So, we all know that search engines and AI have come along way over the years with facial recognition and so on. But no matter how advanced these bots are, they can still not (at the moment anyway) view an image the way a human can view one.
So having text in an image is not ideal as search engines will still struggle to understand the content on the page and in turn not know how to rank the page. Making good use of H1, H2 and H3 (where relevant) tags and paragraph text, is the best way to ensure that your page is read, understood by search engines and ranked appropriately.
So, I am going to add (because I know some of my readers are quite technical and will pick me up on this) that Google can read text in an image using their optical character recognition (OCR) filter. But there is currently no evidence they are using this technology on website crawls.

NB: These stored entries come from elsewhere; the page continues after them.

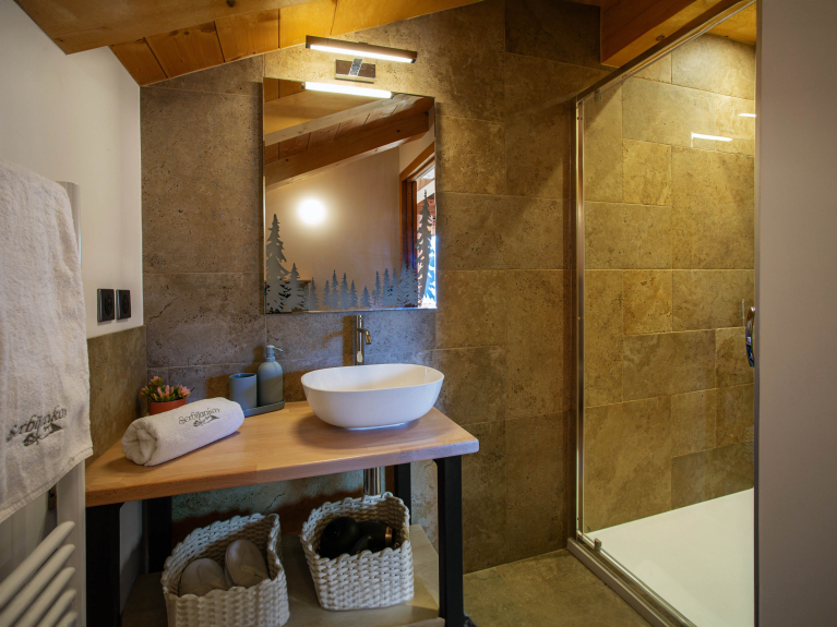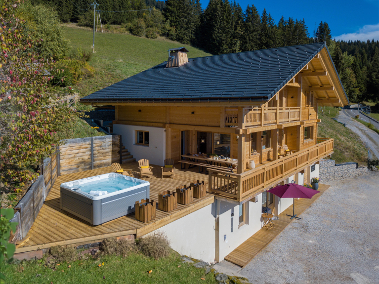 Le chalet bénéficie de son propre espace bien-être privatif comprenant jacuzzi, hammam et sauna.
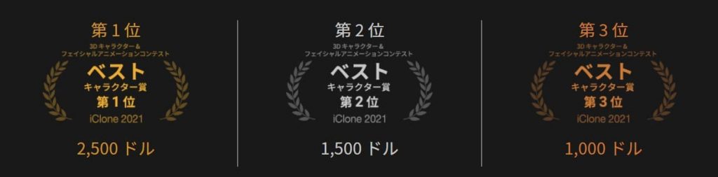- 受賞者はフィーチャーコンテンツ開発者に選ばれたり、Reallusion の委託プロジェクトに参加するなど、CC / iClone 3D コミュニティに作品を提供して収益を上げる機会があるかもしれません。 詳細はこちら
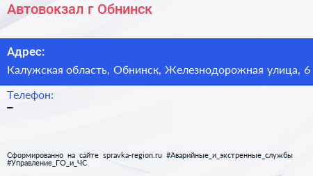Автовокзал, г. Обнинск по адресу Калужская область, Обнинск, Железнодорожная улица, 6 в дальнейшем Организация, размещена в следующих категориях:
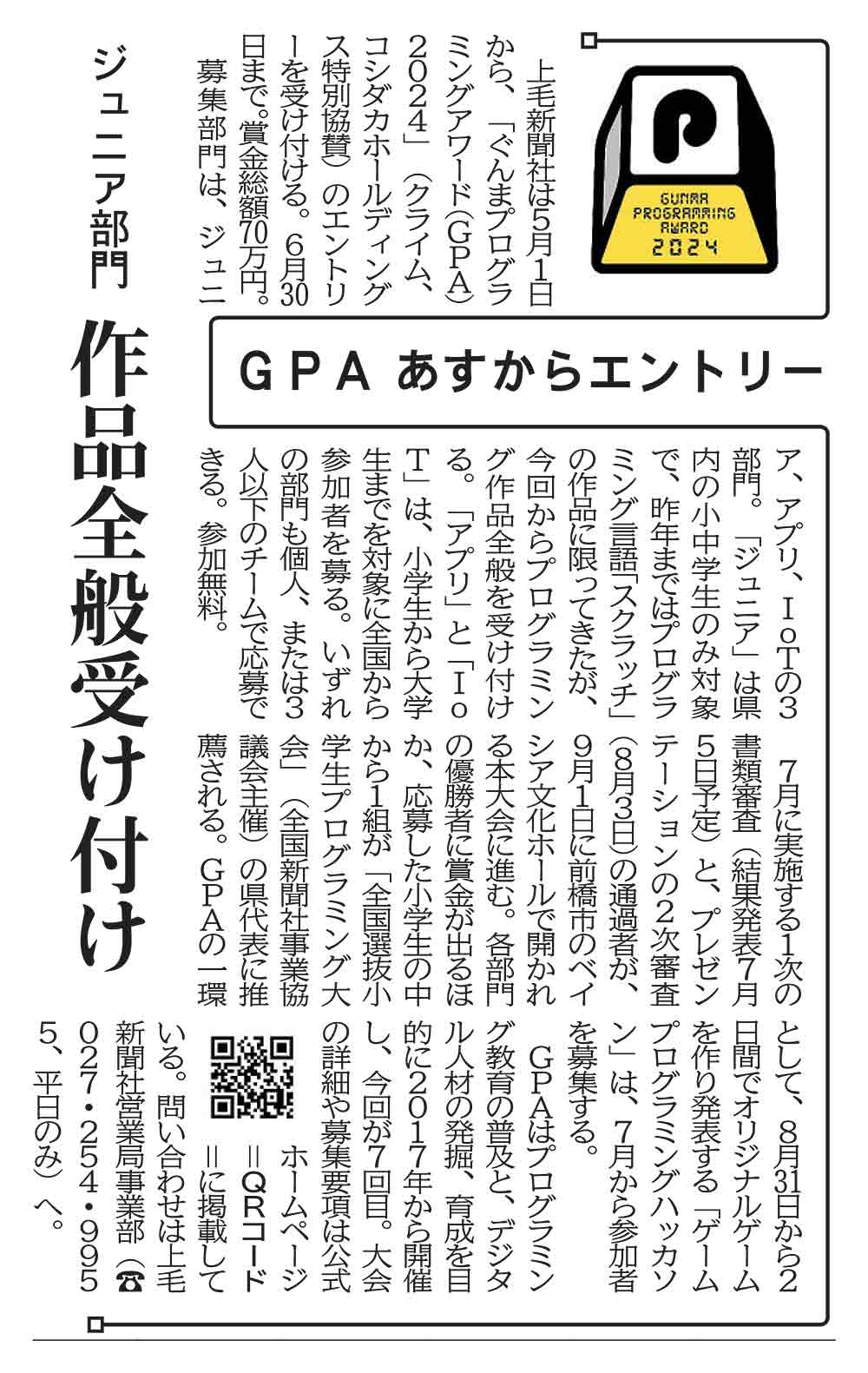 GPAはプログラミング教育の普及と、デジタル人材の発掘、育成を目的に2017年から開催し、今回が7回目。大会の詳細や募集要項は公式ホームページ=QRコード=に掲載している。問い合わせは上毛新聞社営業局事業部(☎027・254・9955、平日のみ)へ。

You technical people can read more about this in Google documentation here: https://developers.google.com/search/docs/advanced/guidelines/google-images
I also had a customer mention to me that his old website was very slow. He was told this was due to an image on his site. Images on a page doesn't necessarily mean a slow page speed. Page speed is a ranking factor (one of over 200) that Google and other search engines do use when ranking a webpage. Saying that, it's not a deal breaker. I'm not saying don't have text in images on your site, just don't make it the main text on the page. We still need to ensure that "real" text is actually on the page in the form of H1, H2 and H3 (where relevant) tags as well as paragraph tags.